GOAL OF THE EXERCISE.
Up to and including the line holding "Rock Candy |", write out the data exactly from its first line, but not the pictures.

DATA SHOWN.
[Start of section]

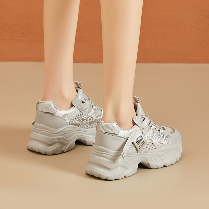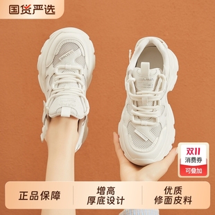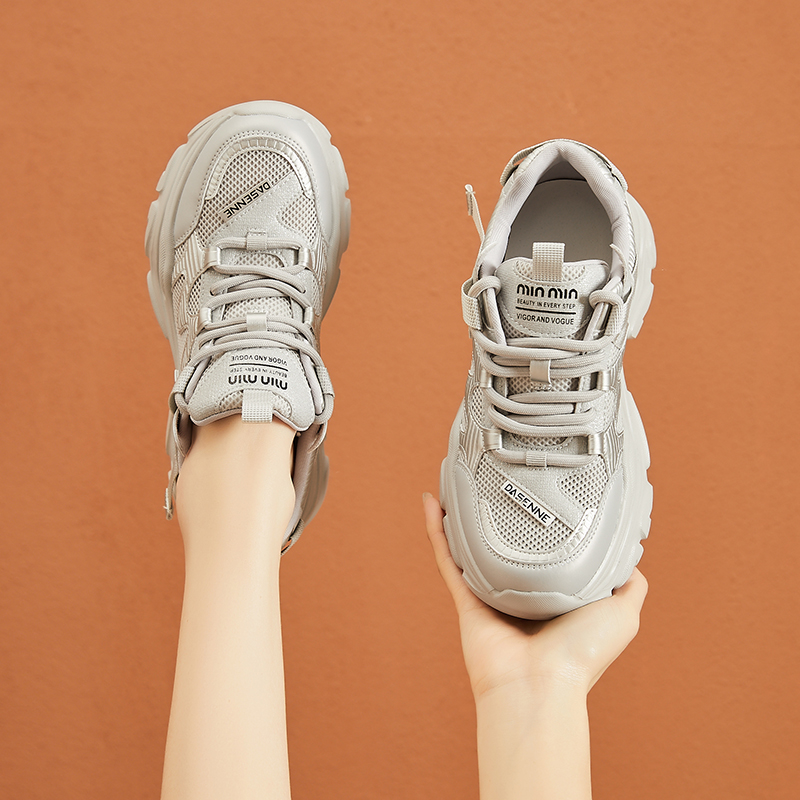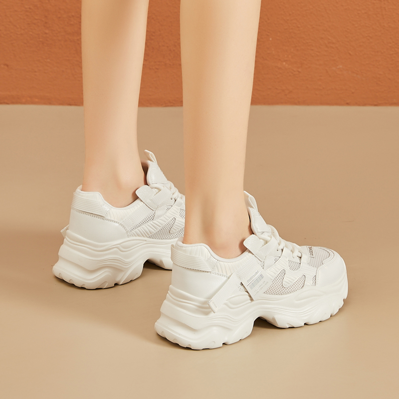 轻便百搭增高6cm女鞋 2025夏季 百搭运动鞋 厚底网面透气休闲老爹鞋
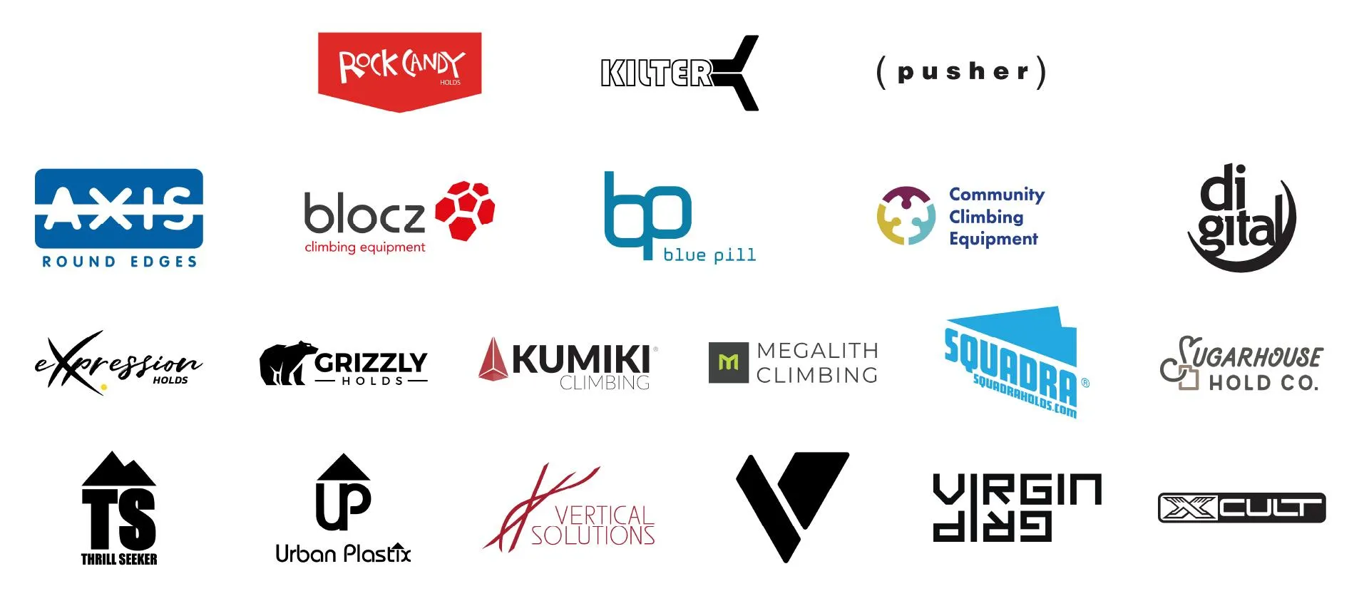 Rock Candy | Kilter | Pusher | Axis | Blocz | BluePill | Community Climbing Equipment | Digital Climbing | eXpression | Grizzly | Kumiki | Megalith | Squadra | Sugarhouse | Thrill Seeker | Urban Plastix | Vertical Solutions | Vezi | Virgin Grip | Xcult
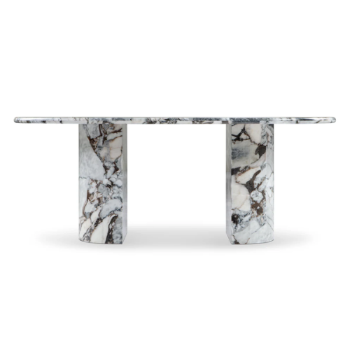 Buy the Dante dining table in Modellato marble, 98 inches, for $3,599 instead of $8,990 on sale at Interior Icons. You can also pay interest-free monthly installments of $325.00. There are four different styles to choose from, ensuring a perfect match for any luxurious interior. Coated in Italian Modellato marble from top to bottom, the Dante dining table is the ultimate statement piece. This reimagined classic double pedestal table is designed to elevate contemporary, luxe interiors. Featuring two demi-lune pillar legs and a generous 98” oval table top, the Dante dining table accommodates extra place settings with ease, making it ideal for those who love to host.

[End of section]

SOLUTION TO THIS TASK.
 轻便百搭增高6cm女鞋 2025夏季 百搭运动鞋 厚底网面透气休闲老爹鞋
 Rock Candy | Kilter | Pusher | Axis | Blocz | BluePill | Community Climbing Equipment | Digital Climbing | eXpression | Grizzly | Kumiki | Megalith | Squadra | Sugarhouse | Thrill Seeker | Urban Plastix | Vertical Solutions | Vezi | Virgin Grip | Xcult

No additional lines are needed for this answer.